A Benchmarking Study of Peptide–Biomineral Interactions
datasetposted on 30.11.2017, 00:00 authored by Michael S. Pacella, Jeffrey J. Gray
A long-standing goal in the field of biomineralization has been to achieve a molecular-level mechanistic understanding of how proteins participate in the nucleation and growth of inorganic crystals (both in vitro and in vivo). Computational methods offer an approach to explore these interactions and propose mechanisms at the atomic scale; however, to have confidence in the predictions of a computational method, the method must first be validated against a benchmark experimental data set of protein–mineral interactions. Relatively little work has been done to test the ability of computation to reproduce experimental results on mineral systems with biologically relevant additives present. The goal of this work is to develop a standard and varied benchmark to test whether a computational method is able to match experimental results at the length and time scales of biomineral–peptide interactions.

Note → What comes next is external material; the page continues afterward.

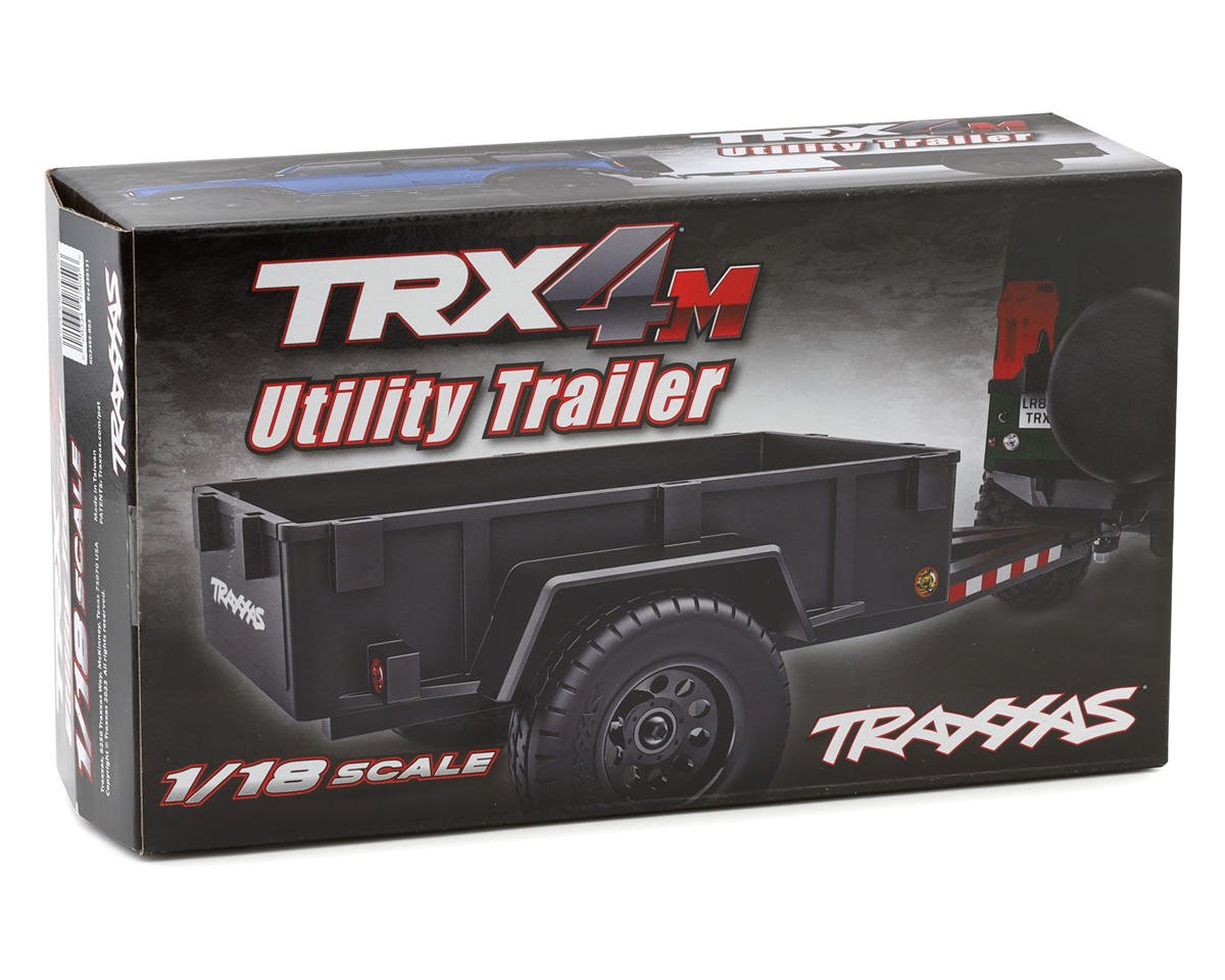 Traxxas® TRX-4M™ Utility Trailer with Hitch. This is an optional accessory designed to expand the functionality and fun of your Traxxas TRX-4M 1/18 Micro Rock Crawler. This trailer mimics the look of full-sized utility trailers, adding a touch of realism to your RC adventures. Equipped with an easy-to-use hitch system that allows for quick and secure attachment, you can stow away your scaled accessories and haul them wherever your TRX-4M adventures take you. To further add to the scale realism, Traxxas has introduced a functional light kit (TRA9790) and Utility Trailer Side Panels (TRA9798) that are available for purchase separately. These additional accessories can be attached directly to this trailer for all of your hauling needs. This trailer is pre-assembled and ready to attach to your TRX-4M, ensuring a quick and easy start to trailer-hauling fun right out of the box.

We compare the results of the RosettaSurface algorithm to an experimental benchmark of kinetic and thermodynamic measurements on peptide–biomineral interactions taken from atomic force microscopy. The RosettaSurface algorithm successfully identifies which mineral face and step edges will bind peptides the strongest; however, the algorithm struggles to predict the correct rank order of binding for multiple peptides to the same face or step edge.